■ DIRECTIONS ■
Using the data below, print exactly the line with "Таблетки від бліх", the line with "鵜飼といいますのは、人間が鵜を使って魚を獲らせる漁法です。", and every line between them, but none of the pictures.

■ DATA TO USE ■
* * *

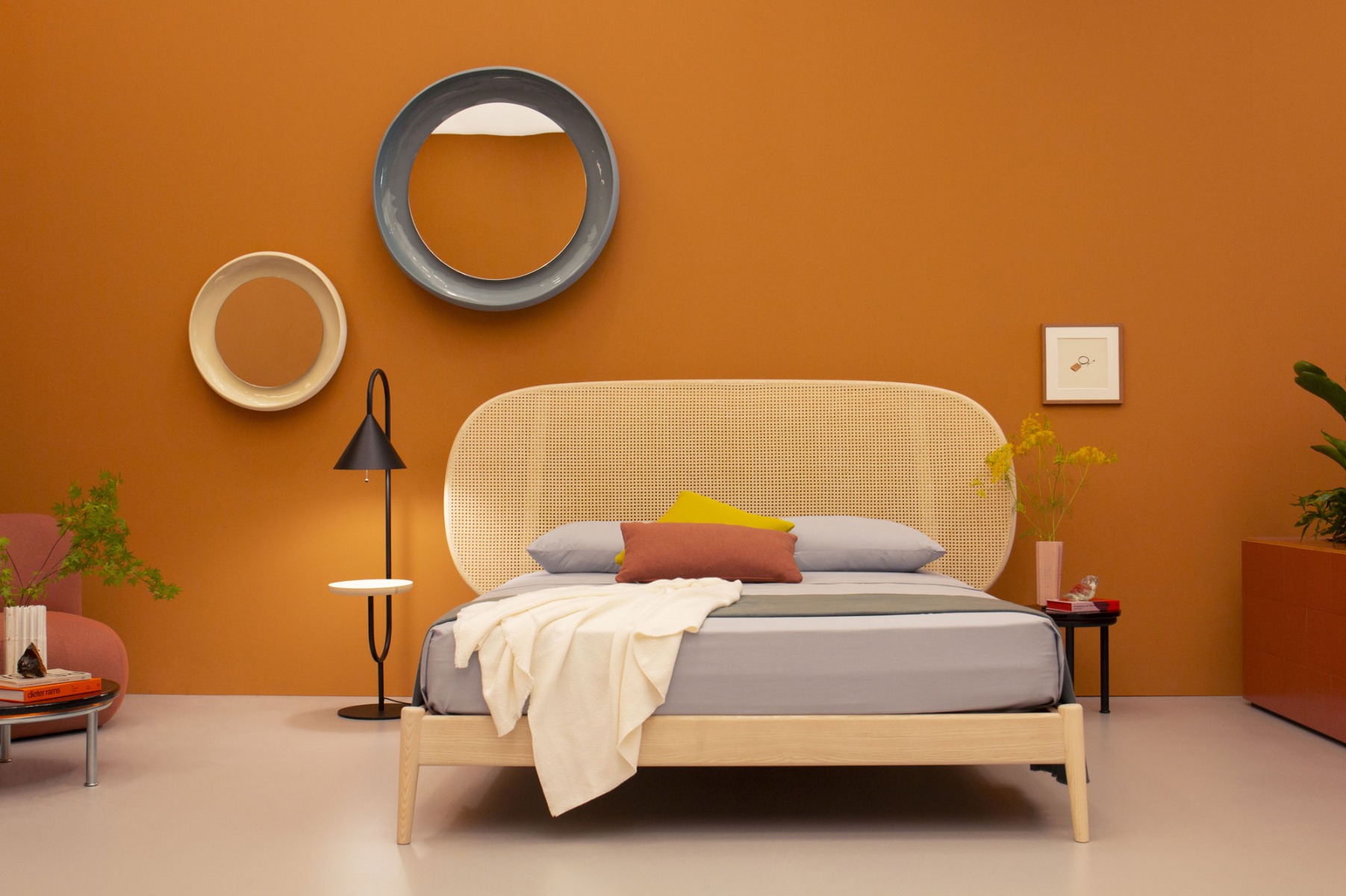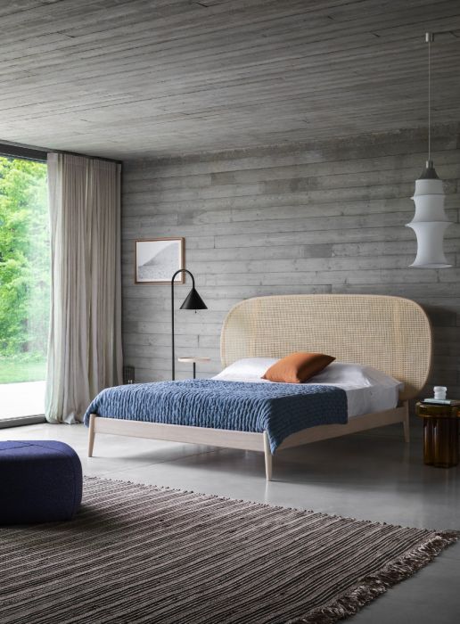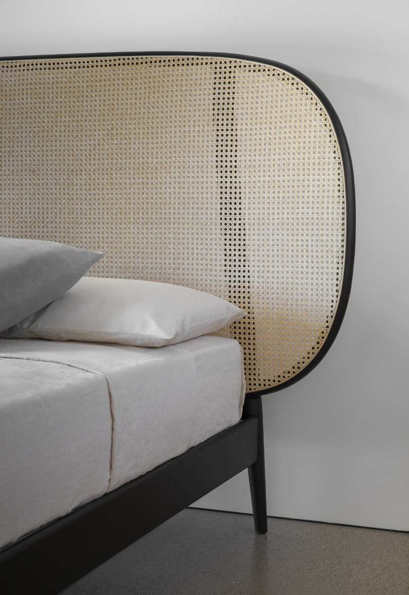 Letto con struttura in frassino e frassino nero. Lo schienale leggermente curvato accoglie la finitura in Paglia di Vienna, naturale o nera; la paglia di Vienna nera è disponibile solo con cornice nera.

* * *

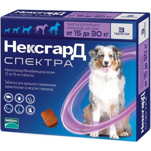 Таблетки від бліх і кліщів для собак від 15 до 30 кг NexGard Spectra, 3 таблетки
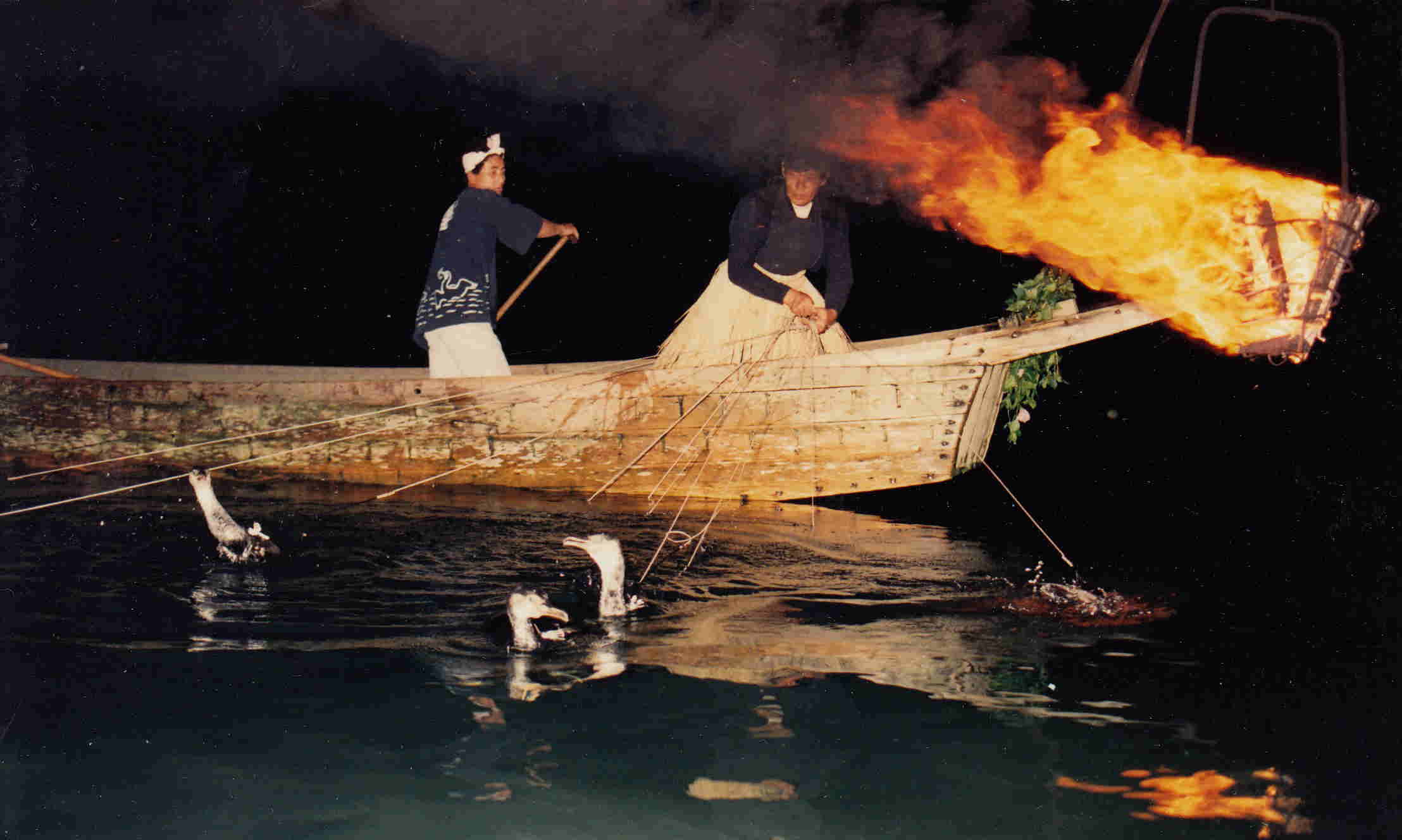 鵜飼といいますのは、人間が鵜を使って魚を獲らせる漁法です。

* * *

■ WRITTEN ANSWER ■
 Таблетки від бліх і кліщів для собак від 15 до 30 кг NexGard Spectra, 3 таблетки
 鵜飼といいますのは、人間が鵜を使って魚を獲らせる漁法です。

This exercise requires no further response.